Добавить в цитаты Настройки чтения

Страница 228 из 253

Семен как-то особенно сжал руки на груди. Я, опустив голову, молчал. Какая-то особая, робкая, скорбь была в этом высоком и старом человеке. Что-то особо приятное, духовное, сразу приковало меня к нему непонятным чувством симпатии. «Какой особенный человек», — подумал я.

— Ну, пещерный житель, — смеясь, сказал лесничий, — попей чайку. Он вина тоже не пьет, что и я.

— Пещерный житель? Почему? — спрашиваю я. — Разве вы в пещере живете?

— Да, барин, — ответил старик. — Пожалуй, что и так. Вроде что пещерным выхожу. Живу в лесу здесь недалече, под бугром, к речке. Меня не найти нипочем. Так вход в логово себе сделал в земле. Но вот приходит время пропадать: зима скоро, замерзнешь. А то бы…

— А вы что ж, хоронитесь от кого? — спросил я прямо.

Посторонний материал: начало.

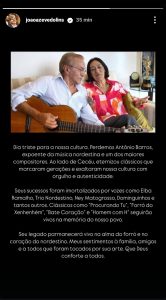 Em sua conta no Instagram, João Azevêdo compartilhou uma foto de Antônio Barros ao lado de sua esposa, Cecéu, também grande nome da música. Na legenda, o governador lamentou a perda, descrevendo Barros como um “expoente da música nordestina e um dos maiores compositores”. Ele ressaltou que, ao lado de Cecéu, Antônio Barros “eternizou clássicos que marcaram gerações e exaltaram nossa cultura com orgulho e autenticidade”.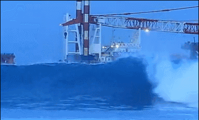 无助!万余吨的起重浮吊在大海中犹如一叶扁舟,汹涌的海浪能把吊钩甩出二三十米,一个简单的下放过程经常需要几十次尝试。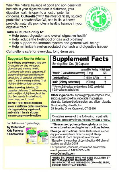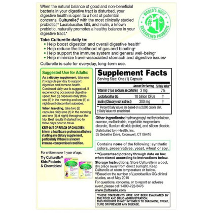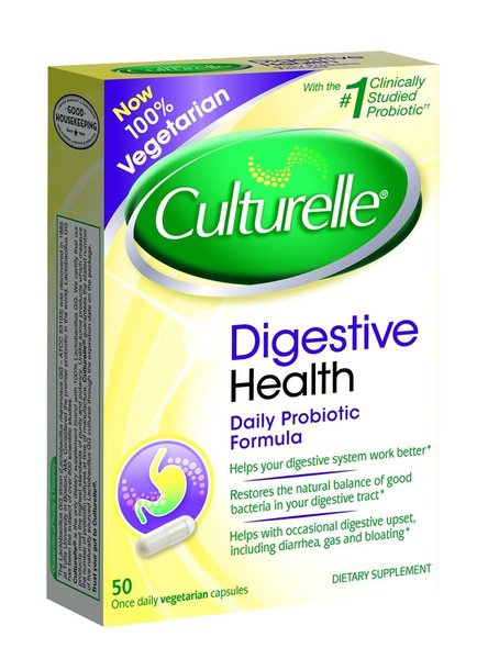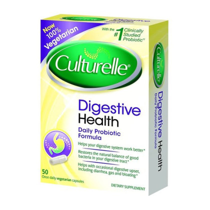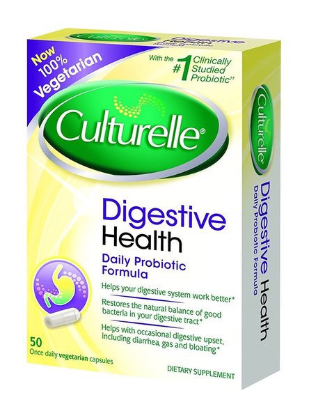 About This Item We aim to show you accurate product information. Manufacturers, suppliers and others provide what you see here, and we have not verified it. See our disclaimer Digestive Health, Once Daily, Vegetarian Capsules Dietary Supplement. Helps your digestive system work better. Restores the natural balance of good bacteria in your digestive tract. Helps with occasional digestive upset, including diarrhea, gas and bloating. With the No. 1 clinically studied probiotic (Based on the number of Lactobacillus GG clinical studies, as of May 2015). Now 100% vegetarian. When the natural balance of good and non-beneficial bacteria in your digestive tract is disturbed, your digestive health is open to a host of potential concerns. Culturelle, with the most clinically studied probiotic (Based on the number of Lactobacillus GG clinical studies, as of May 2015), Lactobacillus GG, and inulin, a known prebiotic, naturally promotes a healthy balance in your digestive tract. Take Culturelle daily to: help boost digestion and overall digestive health; help reduce the likelihood of gas and bloating; help support the immune system and general well-being; help minimize travel-associated stomach and digestive issues. Culturelle is safe for everyday, long term use. No. 1: world's most researched probiotic. Good Housekeeping: Since 1909. Limited warranty to consumers. Replacement or refund if defective. Guarantee of Purity & Potency: The lactobacillus GG strain (Lactobacillus rhamnosus GG - ATCC 53103) was discovered in 1985 at Tufts University in Boston, MA. Considered the premier probiotic in the world, Lactobacillus GG has been the subject of over 100 scientific studies. Culturelle is the only dietary supplement brand with 100% Lactobacillus GG. We certify that our products meet the highest standards of purity and potency. Unlike some products which measure the number of probiotic cultures at time of manufacture, Culturelle guarantees the stated number of live naturally sourced Lactobacillus GG cultures through the expiration date on the package (Guaranteed potency through date on box when stored according to instructions below). Culturelle It's No. 1 for a reason (Nielsen xAOC 52 weeks unit/dollar sales ending 1/23/16). Contains none of the following: synthetic colors, preservatives, yeast, wheat or soy. www.Culturelle.com.For questions, concerns, or to report an adverse event, please call 1-800-722-3476. For children over 1 year of age, Try Culturelle Kids Packets & Chewables! (These statements have not been evaluated by the Food and Drug Administration. This product is not intended to diagnose, treat, cure or prevent any disease.) Country of Origin: USA.

— Хоронюсь, верно то! Так что хоронюсь, — ответил он и прямо и пристально посмотрел мне в глаза. — От людей хоронюсь! Людей боюсь боле всего. Страшен, вот страшен человек мне. Нет ничего страшнее человека.

— Есть ведь люди и неплохие, — сказал я. — Вот я как-то не боюсь людей.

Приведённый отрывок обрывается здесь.